This is an example model for weight based dosing of daptomycin. Daptomycin is a cyclic lipopeptide antibiotic from fermented Streptomyces roseosporus.
There are 3 stages for weight-based dosing simulations: - Create RxODE model - Simulate Covariates - Create event table with weight-based dosing (merged back to covariates)
#> RxODE 1.1.1 using 1 threads (see ?getRxThreads)
#> no cache: create with `rxCreateCache()`
## Note the time covariate is not included in the simulation
m1 <- RxODE({
CL ~ (1-0.2*SEX)*(0.807+0.00514*(CRCL-91.2))*exp(eta.cl)
V1 ~ 4.8*exp(eta.v1)
Q ~ (3.46+0.0593*(WT-75.1))*exp(eta.q);
V2 ~ 1.93*(3.13+0.0458*(WT-75.1))*exp(eta.v2)
A1 ~ centr;
A2 ~ peri;
d/dt(centr) ~ - A1*(CL/V1 + Q/V1) + A2*Q/V2;
d/dt(peri) ~ A1*Q/V1 - A2*Q/V2;
DV = centr / V1 * (1 + prop.err)
})
This simulation correlates age, sex, and weight. Since we will be using weight based dosing, this needs to be simulated first
#>
#> Attaching package: 'dplyr'
#> The following objects are masked from 'package:stats':
#>
#> filter, lag
#> The following objects are masked from 'package:base':
#>
#> intersect, setdiff, setequal, union
nsub=30
# Simulate Weight based on age and gender
AGE<-round(runif(nsub,min=18,max=70))
SEX<-round(runif(nsub,min=0,max=1))
HTm<-round(rnorm(nsub,176.3,0.17*sqrt(4482)),digits=1)
HTf<-round(rnorm(nsub,162.2,0.16*sqrt(4857)),digits=1)
WTm<-round(exp(3.28+1.92*log(HTm/100))*exp(rnorm(nsub,0,0.14)),digits=1)

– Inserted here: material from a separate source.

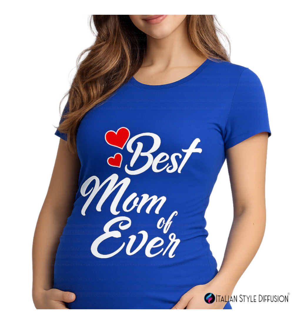 T-shirt premaman con stampa “Best Mom Ever” e cuori: dolce e minimal, perfetta come idea regalo mamma, per foto pancione e baby shower. 21 colori, taglie XS–3XL.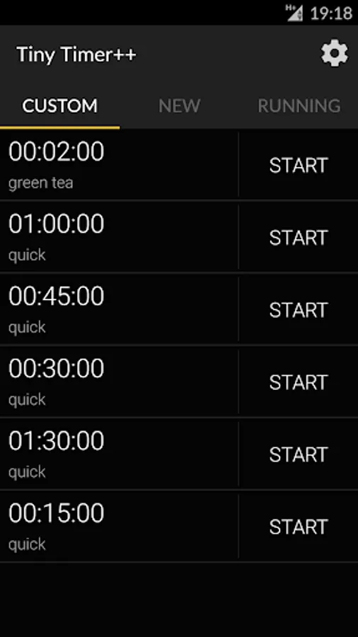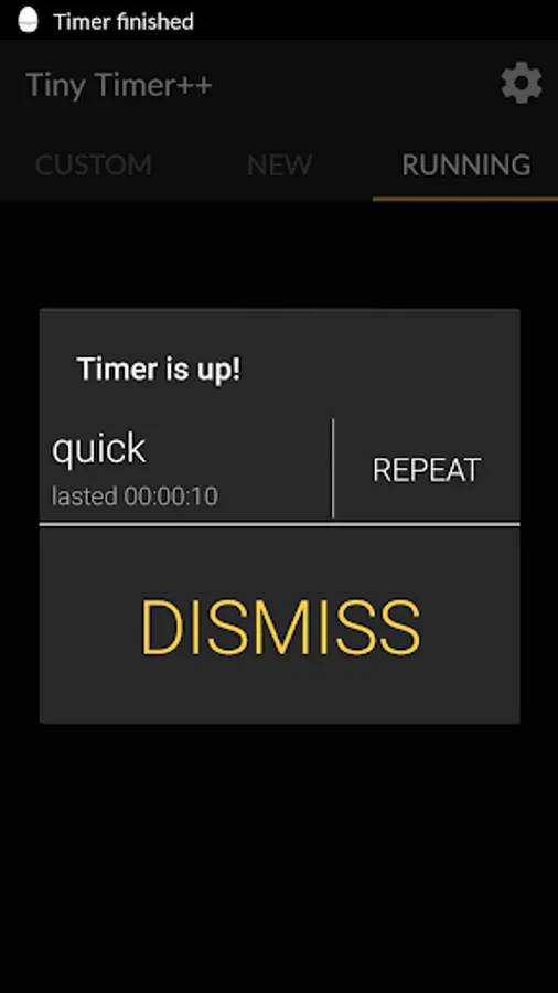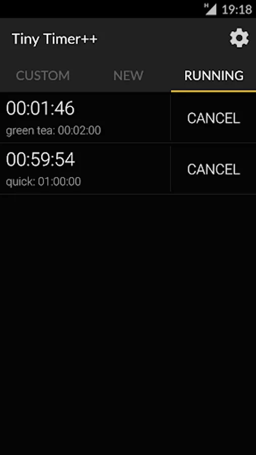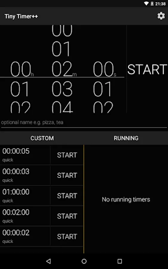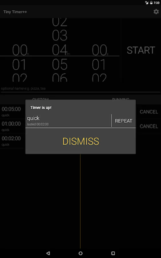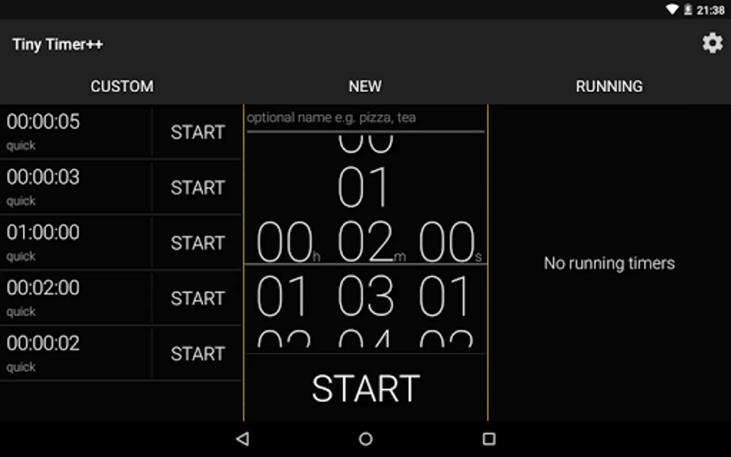 Phone UI: Swipe left or right to access the running timers (where you can cancel them) or a list of used timers (where you can start and delete them).

WTf<-round(exp(3.49+1.45*log(HTf/100))*exp(rnorm(nsub,0,0.17)),digits=1)
WT<-ifelse(SEX==1,WTf,WTm)
CRCL<-round(runif(nsub,30,140))
## id is in lower case to match the event table
cov.df <- tibble(id=seq_along(AGE), AGE=AGE, SEX=SEX, WT=WT, CRCL=CRCL)
print(cov.df)
#> # A tibble: 30 x 5
#> id AGE SEX WT CRCL
#> <int> <dbl> <dbl> <dbl> <dbl>
#> 1 1 66 1 49.4 83
#> 2 2 67 1 52.5 79
#> 3 3 33 0 97.9 37
#> 4 4 61 1 63.8 66
#> 5 5 51 0 71.8 127
#> 6 6 45 1 69.6 132
#> 7 7 56 0 61 73
#> 8 8 25 0 57.7 47
#> 9 9 52 1 58.7 65
#> 10 10 55 1 73.1 64
#> # ... with 20 more rows
s<-c(0,0.25,0.5,0.75,1,1.5,seq(2,24,by=1))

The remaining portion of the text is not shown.